This is my example.
val arr = Array((1,2), (1,3), (1,4), (2,3), (4,5))
val data = sc.parallelize(arr, 5)
data.glom.map(_length).collect
Array[Int] = Array(1, 1, 1, 1, 1)
val agg = data.reduceByKey(_+_)
agg.glom.map(_.length).collect
Array[Int] = Array(0, 1, 1, 0, 1)
val fil = agg.filter(_._2 < 4)
fil.glom.map(_.length).collect
Array[Int] = Array(0, 0, 1, 0, 0)
val sub = data.map{case(x,y) => (x, (x,y))}.subtractByKey(fil).map(_._2)
Array[(Int, Int)] = Array((1,4), (1,3), (1,2), (4,5))

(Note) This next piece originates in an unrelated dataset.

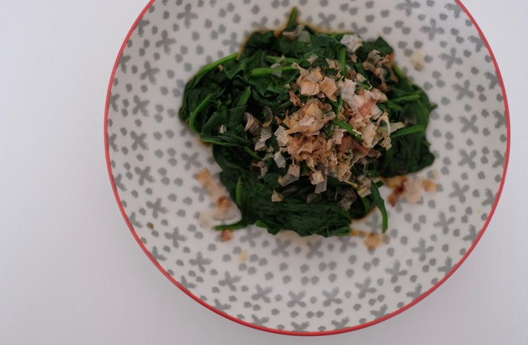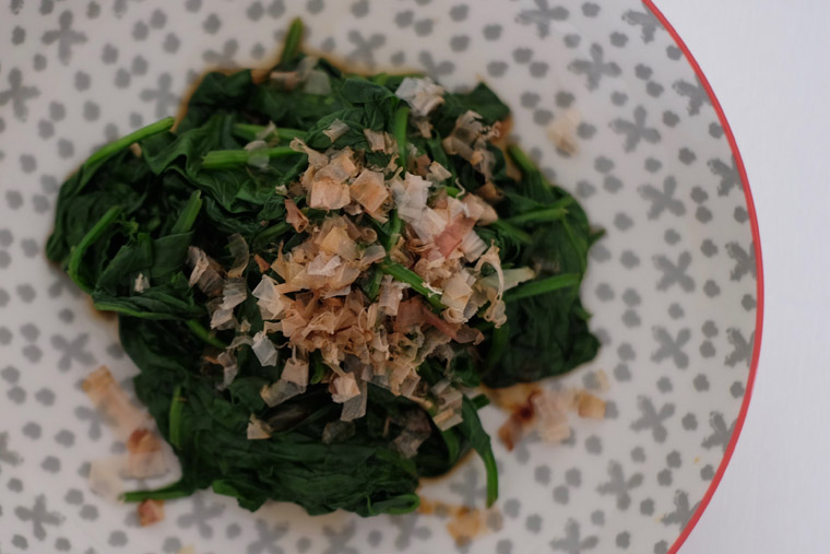 Boil 100 g of baby spinach for 2 min. Squeeze excess water. Arrange on plate. Pour 1/2 tbsp dashi stock + 1/2 tbsp soy sauce. Top with bonito flakes.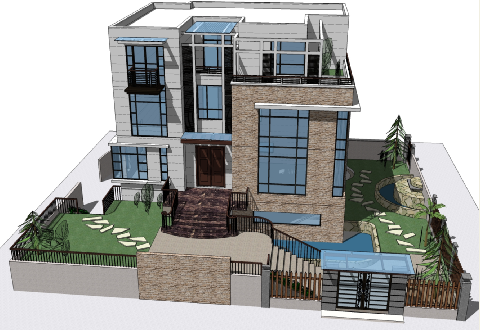 介绍: 本项目用地面积442平方米,建筑首层150平方米,4层,11.63米高,一楼车库(2个车位)兼棋牌室,2楼大厅、客厅、厨房,3、4楼书房,卧室套房,空中花园。外立面用大量玻璃与栅格点缀,尽显现代风格。庭院地势高低错落,树木葱葱,伴以鱼池带活整个庭院。

sub.glom.map(_.length).collect
Array[Int] = Array(0, 3, 0, 0, 1)
What I'm wondering is to evenly distribute partitions.
The data
variable consists of five partitions, with all the data evenly partitioned.
ex)par1: (1,2)
par2: (1,3)
par3: (1,4)
par4: (2,3)
par5: (4,5)
After several transformation operation
, Only two of the five partitions allocated to the sub
variable are used.
The sub
variable consists of five partitions, but not all data is evenly partitioned.
ex)par1: empty
par2: (1,2),(1,3),(1,4)
par3: empty
par4: empty
par5: (4,5)
If I add another transformation operation
to the sub
variable, there will be 5 available partitions, but only 2 partitions will be used for the operation.
ex)sub.map{case(x,y) => (x, x, (x,y))}
So I wanna make use of all available partitions when data is operated on.
I used the repartition
method, but it is not cheaper.
ex) sub.repartition(5).glom.map(_.length).collect
Array[Int] = Array(0, 1, 1, 2, 0)
So I'm looking for a wise way to utilize as many partitions as possible.
Is there a good way?